SeaNav app, now with AR, GoFree, and Pebble!

SeaNav_GoFree_wind_on_Pebble_watch_cPanbo.jpgGetting True Wind to my wrist was actually easy, especially considering the complex path it traveled. The raw Apparent Wind readings originated in a Maretron WSO100 on Gizmo’s masthead and then went to a Simrad NSS8 MFD via NMEA 2000, where it was combined with other N2K data like COG, SOG, Heading and/or STW (depending on which True Wind ;-). The NSS8 then sent the data out using the NMEA 0183 tier of GoFree over WiFi, where it was captured by the SeaNav 2.0 charting app running on an iPad, which then passed it along to my Pebble watch over Bluetooth! It sounds crazy, but when everything is working right, it’s as simple as turning on the boat system and opening SeaNav, which has many other features to appreciate…
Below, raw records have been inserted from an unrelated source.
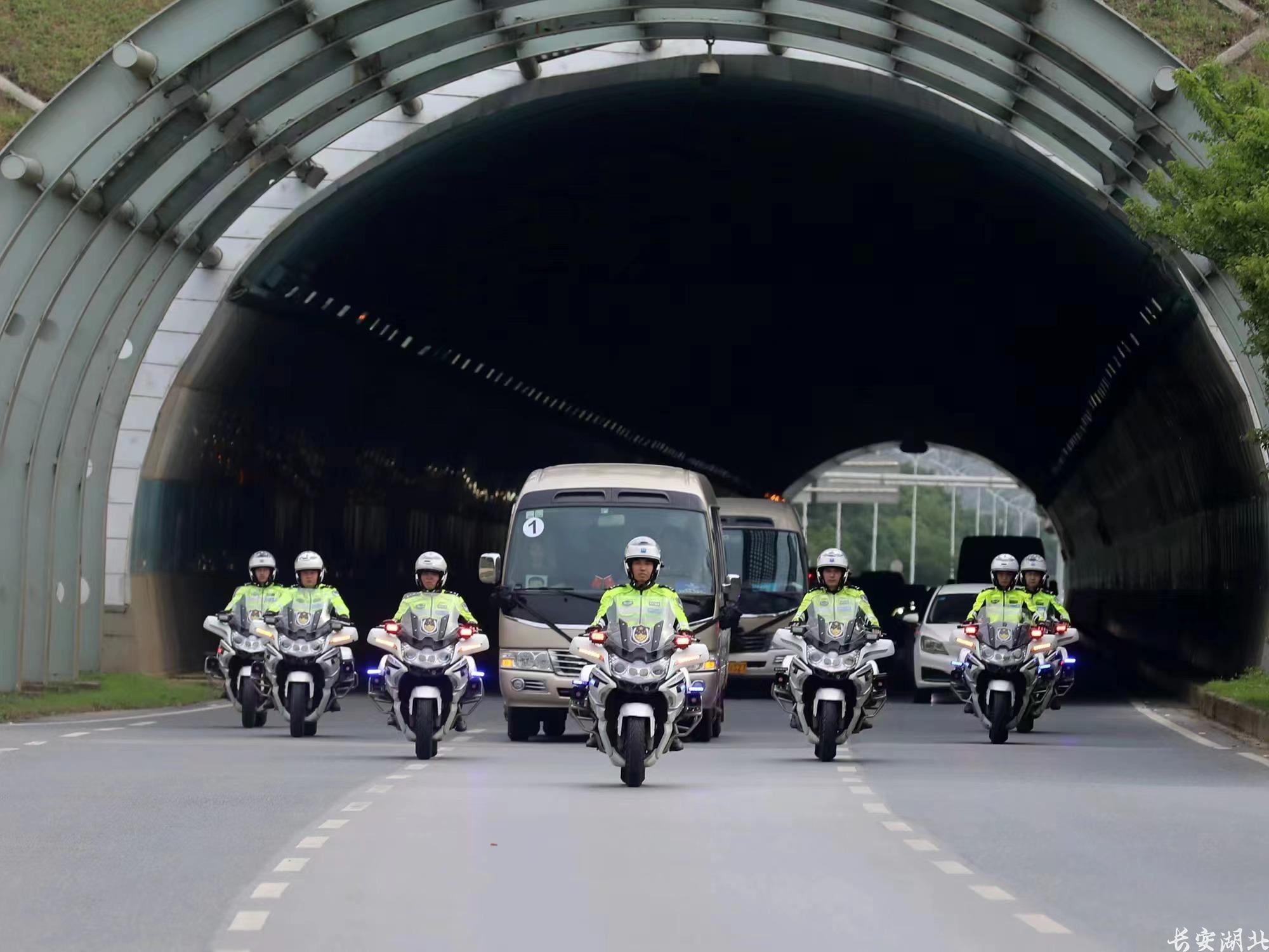 灵车车队在汉警快骑的护卫下,抵达九峰山革命烈士陵园。通讯员供图
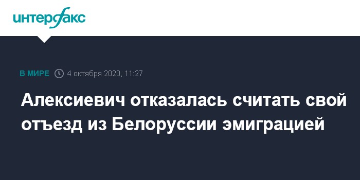 Как сообщалось, 28 сентября Алексиевич уехала в Германию. В пресс-службе Координационного совета белорусской оппозиции сказали, что ее отъезд планировался давно, но откладывался из-за ситуации с коронавирусом.
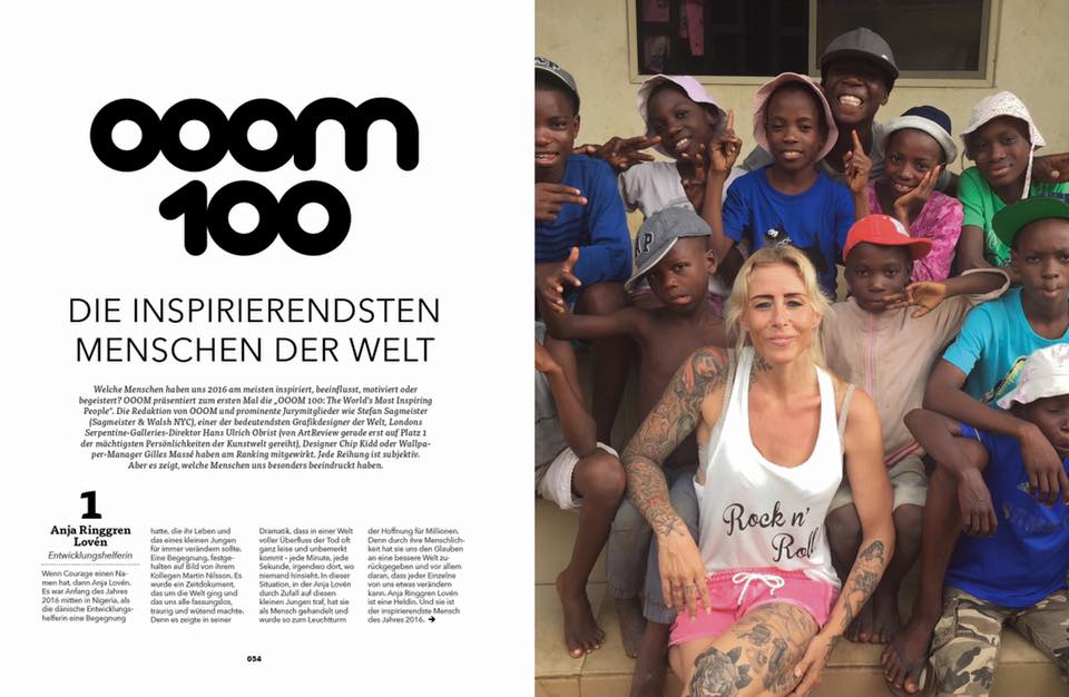 Georg Kindel, capo editore di OOOM aggiunge: “Anja è una luce di speranza e la persona capace di ispirare di più nel 2016. Quando ha visto quel bambino che moriva di fame ha agito come un essere umano ed è diventata fonte di ispirazione per milioni di persone. I suoi sforzi per aiutare e sostenere i bambini abbandonati della Nigeria ci danno speranza e ci incoraggiano a seguire il suo esempio”.
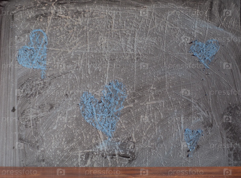 Старая потрепанная доска с сердечками, нарисованными на ней синим мелом
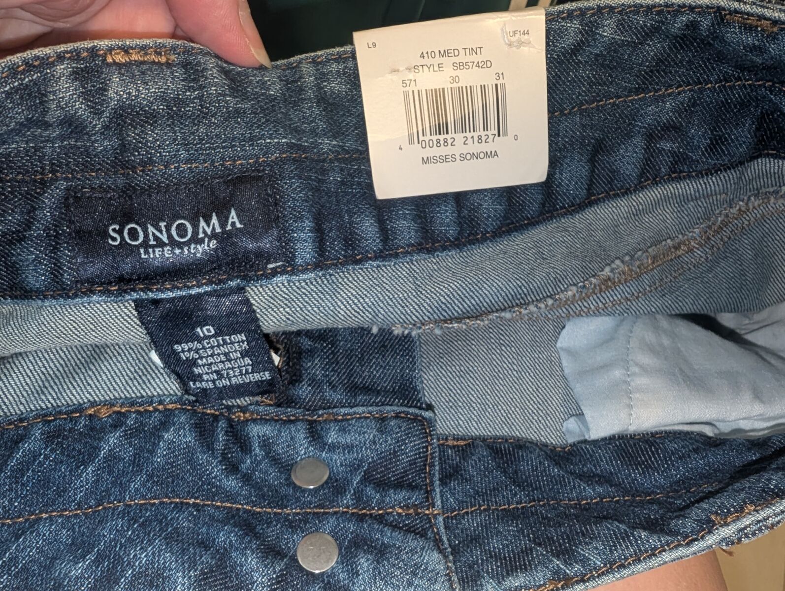 These are brand new with tags. $30 value. Quality denim long shorts. Size Womens 10. Waist laying flat across: 17", making it a 34" waist. Inseam legs 16" .
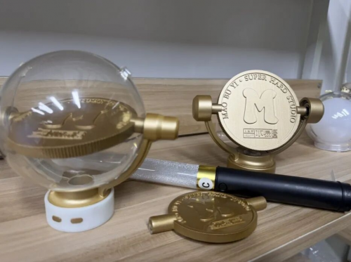 「爆有钱」应援棒核心是巨大金币,装在圆形透明罩内,币面刻有专属字母“M”与“巨星不易”厂牌标识。钥匙造型呼应《二零三》的出租屋生活和毛不易的《明日之子》之路。按下右侧按钮,金币飞速旋转,金色光芒迸发。它有14种颜色灯光变化,单击左侧按钮可切换,透明外壳可拆下定制为“痛棒”,金币部分可作桌面摆件,一物多用。
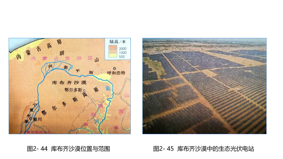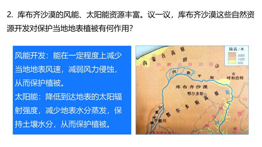 库布齐沙漠的风能、太阳能资源丰富。议一议,库布齐沙漠这些自然资源开发对保护当地地表植被有何作用?
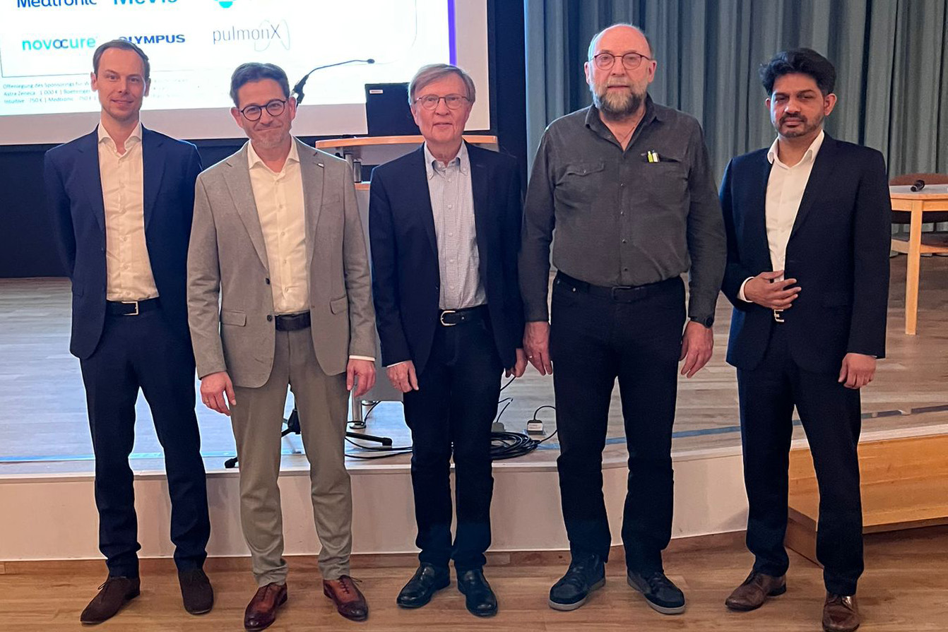 Zum Foto: Zum „Symposium Lungenkrebsscreening“ begrüßte Prof. Dr. Darwiche neben den klinikinternen Fachexperten auch hochkaratige externe Referenten; v.l. PD Dr. med. Marcel Opitz (Bereichsoberarzt, Institut für Diagnostische und Interventionelle Neuroradiologie Essen), Prof. Dr. med. Kaid Darwiche (Chefarzt der Pneumologie, DGD Lungenklinik Hemer), PD Dr. med. Michael Westhoff (Ärztlicher Direktor, DGD Lungenklinik Hemer), Dr. med. Peter Bach (Chefarzt der Radiologie, DGD Lungenklinik Hemer), PD Dr. med. Sivagurunathan Sutharsan (Oberarzt der Pneumologie, Ruhrlandklinik Essen) (Foto: DGD Lungenklinik Hemer)
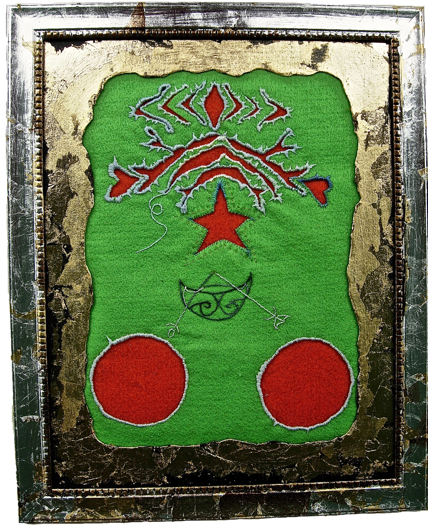 Applique on felt, 12″x 17”. Collection of the artist.
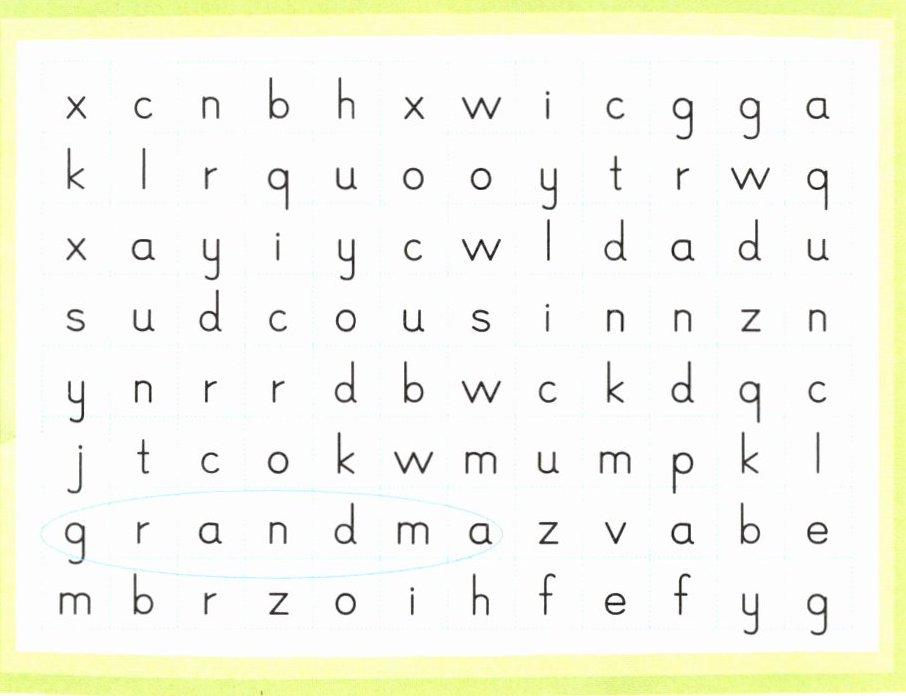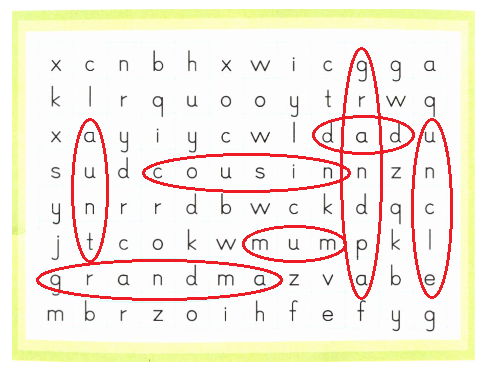 圈出家庭成员类的单词并抄写。(只有横竖两个方向哟!)

SeaNav and GoFree both support Apple’s Bonjour discovery protocol, which meant that all I had to do to start was put the iPad on the boat’s GoFree WiFi network and enable GoFree in SeaNav. SeaNav discovered the NSS8’s data without having to specify an IP address — including its custom descriptive name “NSS-low-helm” —  and the next time I went aboard and turned things on “it just worked”. This is particularly relevant because NMEA’s coming OneNet standard will include both Bonjour and the similar Simple Service Discovery Protocol (SSDP). So the reliable and nearly automatic integration of SeaNav and the NSS8 is hopefully coming to many apps and marine electronics systems.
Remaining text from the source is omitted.